Records provided
★ ★ ★ ★ ★

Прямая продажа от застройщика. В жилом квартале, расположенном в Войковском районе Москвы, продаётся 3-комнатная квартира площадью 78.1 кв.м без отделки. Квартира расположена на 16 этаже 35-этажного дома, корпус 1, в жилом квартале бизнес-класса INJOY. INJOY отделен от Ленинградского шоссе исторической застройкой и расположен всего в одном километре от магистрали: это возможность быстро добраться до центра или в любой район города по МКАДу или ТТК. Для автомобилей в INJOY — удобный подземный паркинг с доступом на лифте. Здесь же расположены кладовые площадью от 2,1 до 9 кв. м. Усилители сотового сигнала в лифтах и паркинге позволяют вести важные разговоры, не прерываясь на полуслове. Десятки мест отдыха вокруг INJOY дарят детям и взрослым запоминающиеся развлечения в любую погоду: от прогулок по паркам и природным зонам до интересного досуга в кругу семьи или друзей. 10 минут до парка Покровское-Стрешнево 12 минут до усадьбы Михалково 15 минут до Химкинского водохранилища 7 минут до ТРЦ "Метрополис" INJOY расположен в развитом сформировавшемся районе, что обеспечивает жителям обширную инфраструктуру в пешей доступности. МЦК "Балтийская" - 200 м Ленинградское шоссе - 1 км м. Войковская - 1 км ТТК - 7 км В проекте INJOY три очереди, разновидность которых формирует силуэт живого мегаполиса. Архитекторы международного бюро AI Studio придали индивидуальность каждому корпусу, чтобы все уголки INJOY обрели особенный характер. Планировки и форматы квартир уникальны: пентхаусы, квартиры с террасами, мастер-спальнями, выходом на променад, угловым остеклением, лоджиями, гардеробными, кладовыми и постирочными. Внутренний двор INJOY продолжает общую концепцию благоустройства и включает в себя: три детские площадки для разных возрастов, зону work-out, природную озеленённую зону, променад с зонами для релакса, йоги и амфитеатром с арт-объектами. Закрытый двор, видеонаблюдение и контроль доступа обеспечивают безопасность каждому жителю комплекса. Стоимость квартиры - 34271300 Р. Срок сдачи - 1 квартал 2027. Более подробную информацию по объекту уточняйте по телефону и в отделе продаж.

★ ★ ★ ★ ★

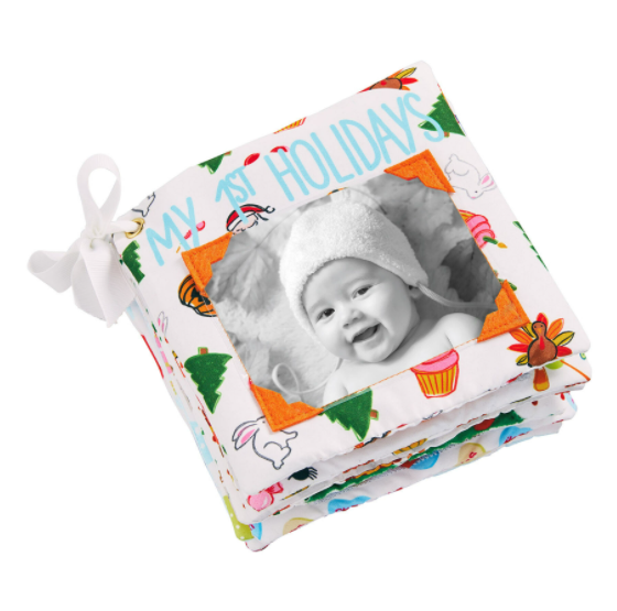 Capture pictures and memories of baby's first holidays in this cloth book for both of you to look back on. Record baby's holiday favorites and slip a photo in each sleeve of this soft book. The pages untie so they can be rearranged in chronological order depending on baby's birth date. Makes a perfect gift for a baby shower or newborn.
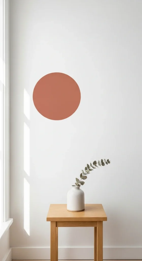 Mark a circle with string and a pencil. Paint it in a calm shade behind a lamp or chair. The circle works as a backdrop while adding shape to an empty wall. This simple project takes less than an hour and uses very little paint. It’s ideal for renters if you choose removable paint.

★ ★ ★ ★ ★

Work required
Starting with the line that contains "Capture pictures and" and finishing with the line that contains "Mark a circle", reproduce every line of the material above exactly, but not the pictures.

Answer space
 Capture pictures and memories of baby's first holidays in this cloth book for both of you to look back on. Record baby's holiday favorites and slip a photo in each sleeve of this soft book. The pages untie so they can be rearranged in chronological order depending on baby's birth date. Makes a perfect gift for a baby shower or newborn.
 Mark a circle with string and a pencil. Paint it in a calm shade behind a lamp or chair. The circle works as a backdrop while adding shape to an empty wall. This simple project takes less than an hour and uses very little paint. It’s ideal for renters if you choose removable paint.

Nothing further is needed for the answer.